◆ Description of the task
Pictures stay out of the output. Return exactly the lines below from the one with "nucleus (PVN) where" down to the one with "Dům je částečně", both included, and nothing more.

◆ Records for this task
○ ○ ○ ○ ○

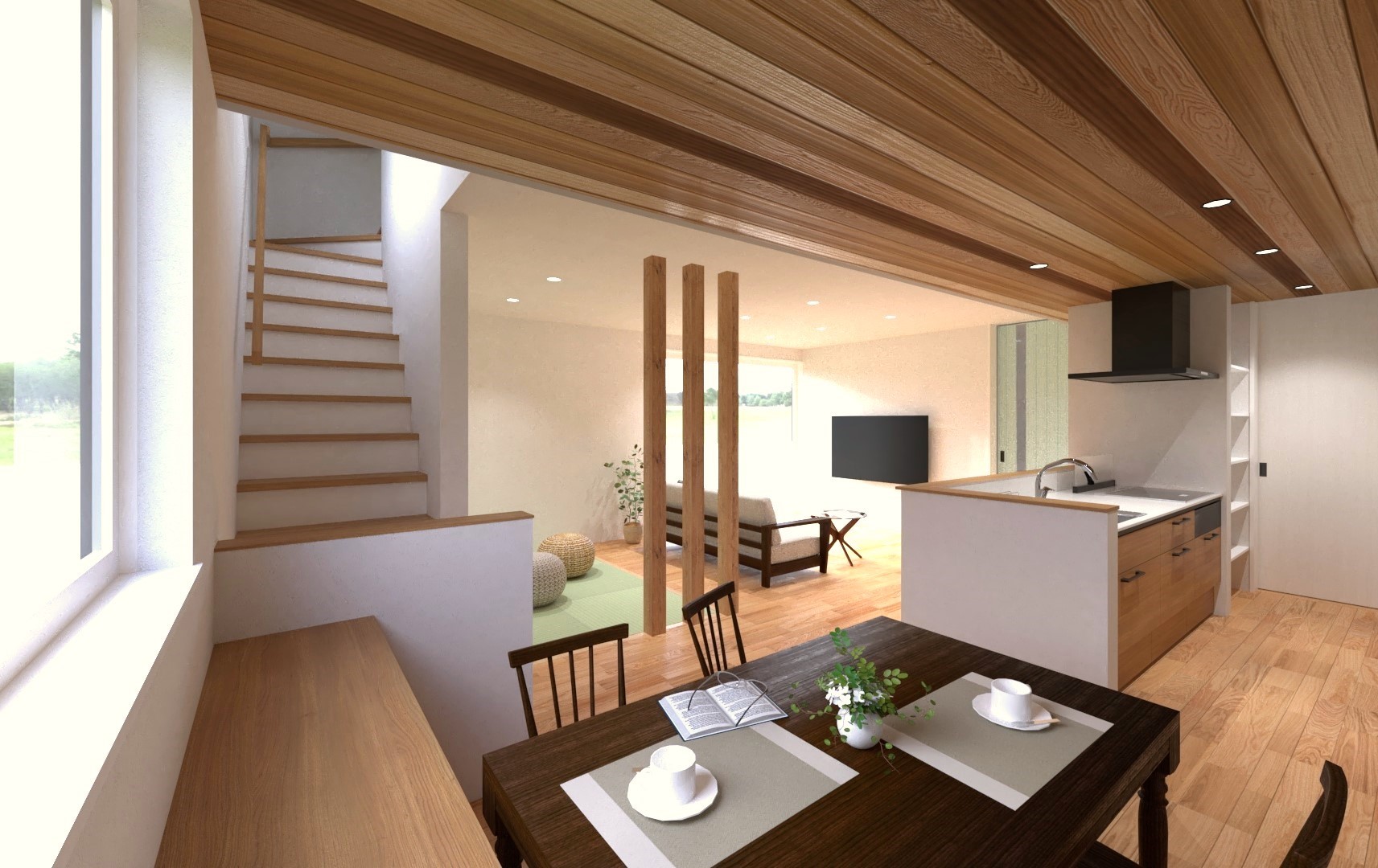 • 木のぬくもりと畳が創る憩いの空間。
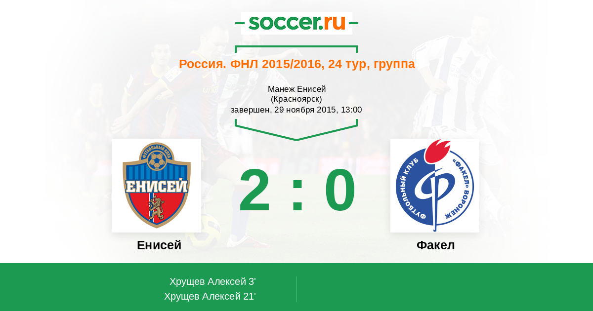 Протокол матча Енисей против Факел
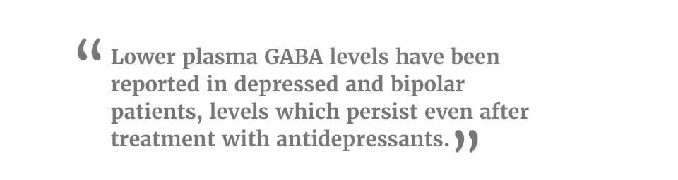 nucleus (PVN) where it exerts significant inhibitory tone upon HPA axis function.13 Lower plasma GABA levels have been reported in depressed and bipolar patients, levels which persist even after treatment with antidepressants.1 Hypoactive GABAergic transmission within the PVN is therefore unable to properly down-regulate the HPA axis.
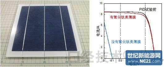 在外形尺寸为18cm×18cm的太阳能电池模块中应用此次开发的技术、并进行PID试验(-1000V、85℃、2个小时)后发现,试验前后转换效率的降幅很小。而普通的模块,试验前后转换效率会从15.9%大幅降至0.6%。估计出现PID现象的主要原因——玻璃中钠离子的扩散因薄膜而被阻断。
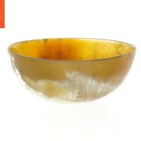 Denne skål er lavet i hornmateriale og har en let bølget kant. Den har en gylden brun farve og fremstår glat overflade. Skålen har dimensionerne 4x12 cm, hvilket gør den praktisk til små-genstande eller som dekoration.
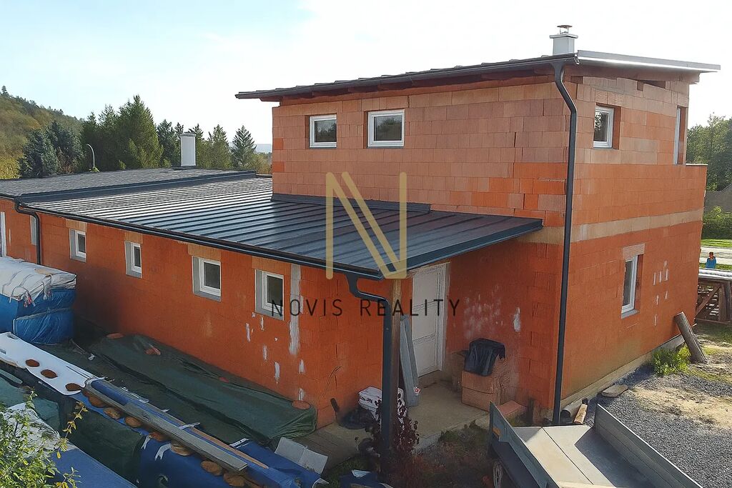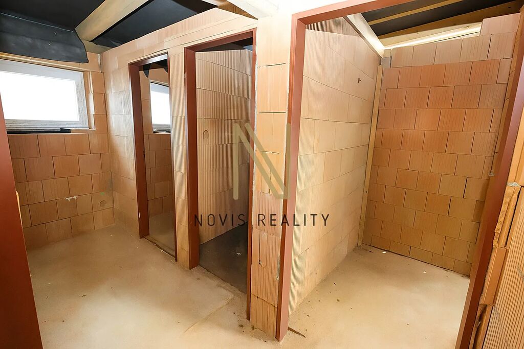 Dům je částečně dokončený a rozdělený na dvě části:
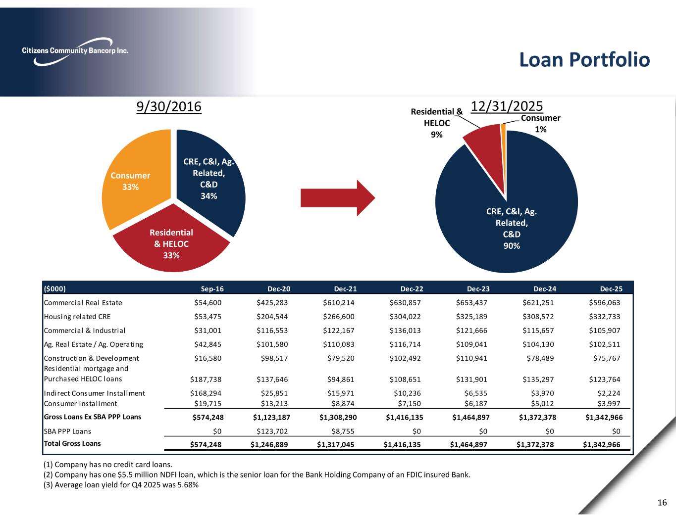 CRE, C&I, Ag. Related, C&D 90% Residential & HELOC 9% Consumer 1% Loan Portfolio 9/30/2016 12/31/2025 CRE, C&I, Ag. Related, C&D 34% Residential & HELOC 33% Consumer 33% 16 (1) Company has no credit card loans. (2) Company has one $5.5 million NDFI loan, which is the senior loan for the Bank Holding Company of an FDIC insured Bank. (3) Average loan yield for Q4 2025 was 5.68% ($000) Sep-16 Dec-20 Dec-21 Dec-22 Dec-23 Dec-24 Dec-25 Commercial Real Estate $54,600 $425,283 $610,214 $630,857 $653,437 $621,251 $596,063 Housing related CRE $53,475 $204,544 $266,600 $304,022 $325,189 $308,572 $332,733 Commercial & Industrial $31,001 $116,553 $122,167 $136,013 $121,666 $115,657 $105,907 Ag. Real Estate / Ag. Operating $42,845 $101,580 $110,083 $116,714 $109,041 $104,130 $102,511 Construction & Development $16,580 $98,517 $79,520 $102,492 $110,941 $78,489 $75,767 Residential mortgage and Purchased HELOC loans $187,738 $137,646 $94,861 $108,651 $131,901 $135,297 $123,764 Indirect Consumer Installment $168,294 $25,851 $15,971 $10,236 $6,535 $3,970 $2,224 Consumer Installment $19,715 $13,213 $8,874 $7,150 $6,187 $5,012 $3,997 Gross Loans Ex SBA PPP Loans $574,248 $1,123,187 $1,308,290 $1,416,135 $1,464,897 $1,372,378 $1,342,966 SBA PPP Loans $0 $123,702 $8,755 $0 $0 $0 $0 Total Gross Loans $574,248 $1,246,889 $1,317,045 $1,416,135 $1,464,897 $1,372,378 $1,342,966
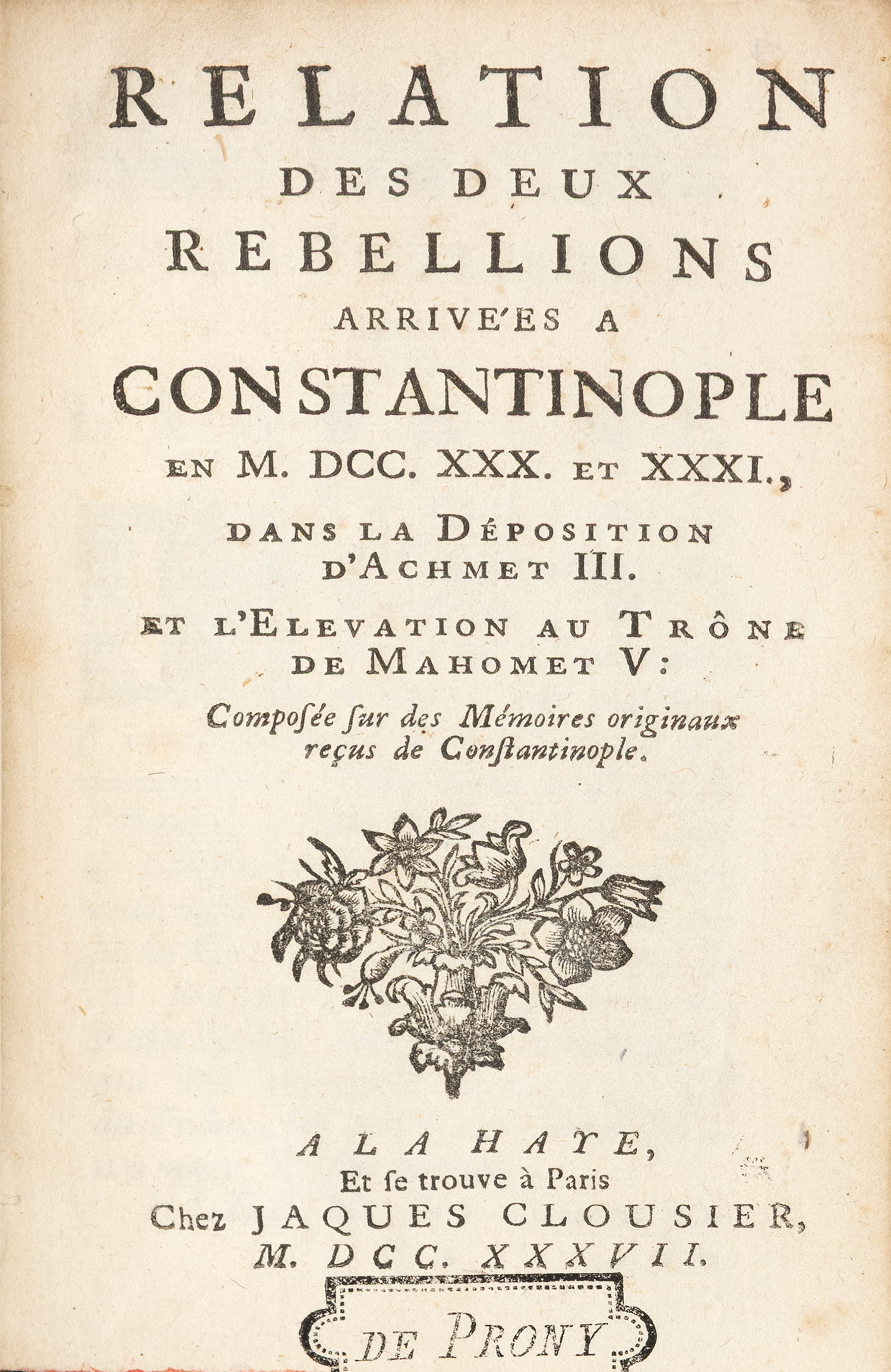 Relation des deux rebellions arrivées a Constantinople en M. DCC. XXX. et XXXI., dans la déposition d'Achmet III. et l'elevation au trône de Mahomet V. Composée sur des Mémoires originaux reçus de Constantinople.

○ ○ ○ ○ ○

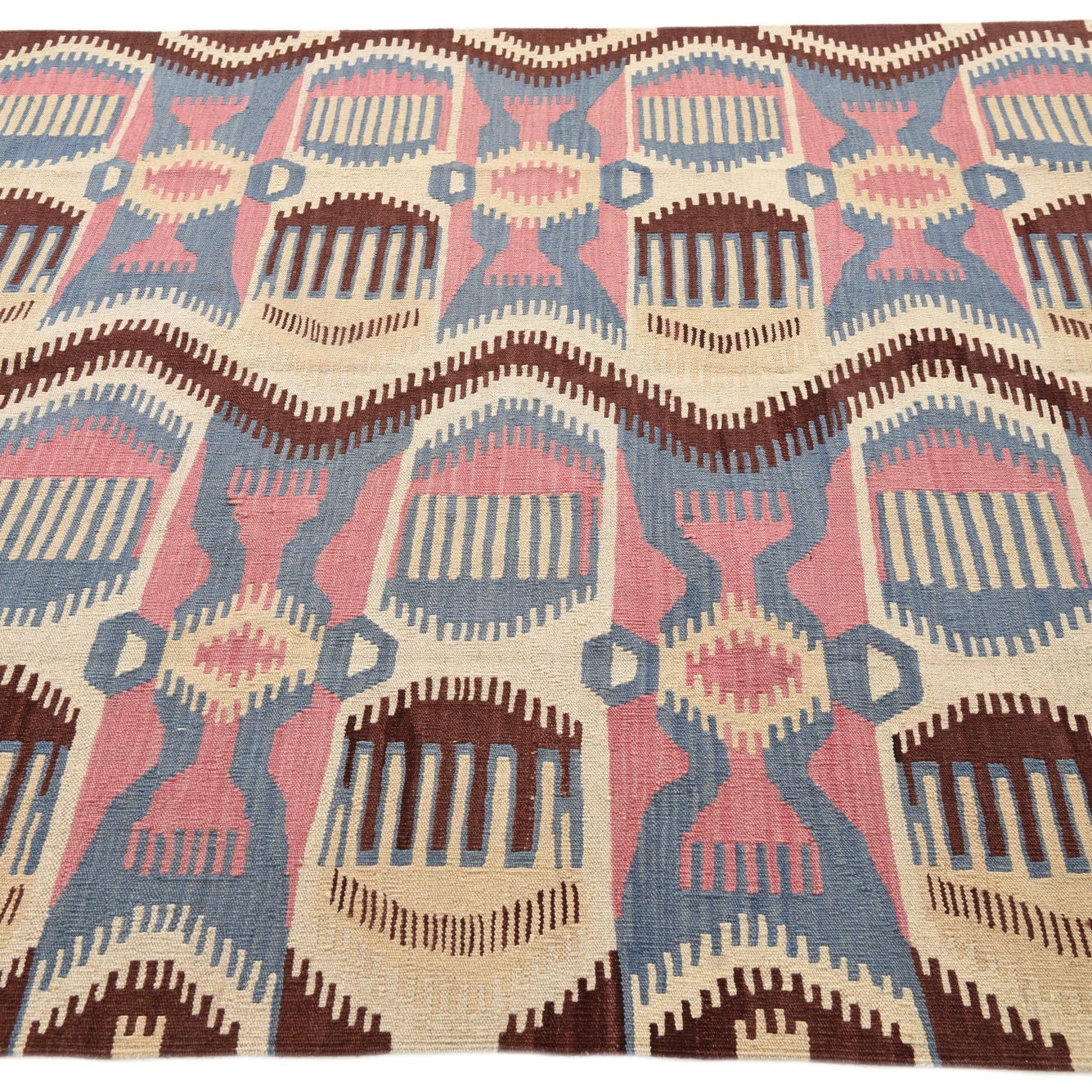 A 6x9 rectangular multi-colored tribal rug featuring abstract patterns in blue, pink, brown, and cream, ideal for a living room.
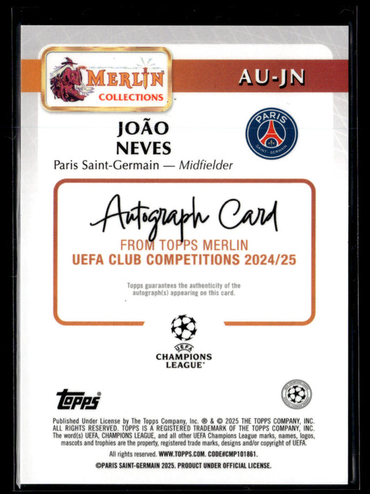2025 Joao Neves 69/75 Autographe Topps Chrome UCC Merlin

○ ○ ○ ○ ○

◆ Solved problem
 nucleus (PVN) where it exerts significant inhibitory tone upon HPA axis function.13 Lower plasma GABA levels have been reported in depressed and bipolar patients, levels which persist even after treatment with antidepressants.1 Hypoactive GABAergic transmission within the PVN is therefore unable to properly down-regulate the HPA axis.
 在外形尺寸为18cm×18cm的太阳能电池模块中应用此次开发的技术、并进行PID试验(-1000V、85℃、2个小时)后发现,试验前后转换效率的降幅很小。而普通的模块,试验前后转换效率会从15.9%大幅降至0.6%。估计出现PID现象的主要原因——玻璃中钠离子的扩散因薄膜而被阻断。
 Denne skål er lavet i hornmateriale og har en let bølget kant. Den har en gylden brun farve og fremstår glat overflade. Skålen har dimensionerne 4x12 cm, hvilket gør den praktisk til små-genstande eller som dekoration.
 Dům je částečně dokončený a rozdělený na dvě části:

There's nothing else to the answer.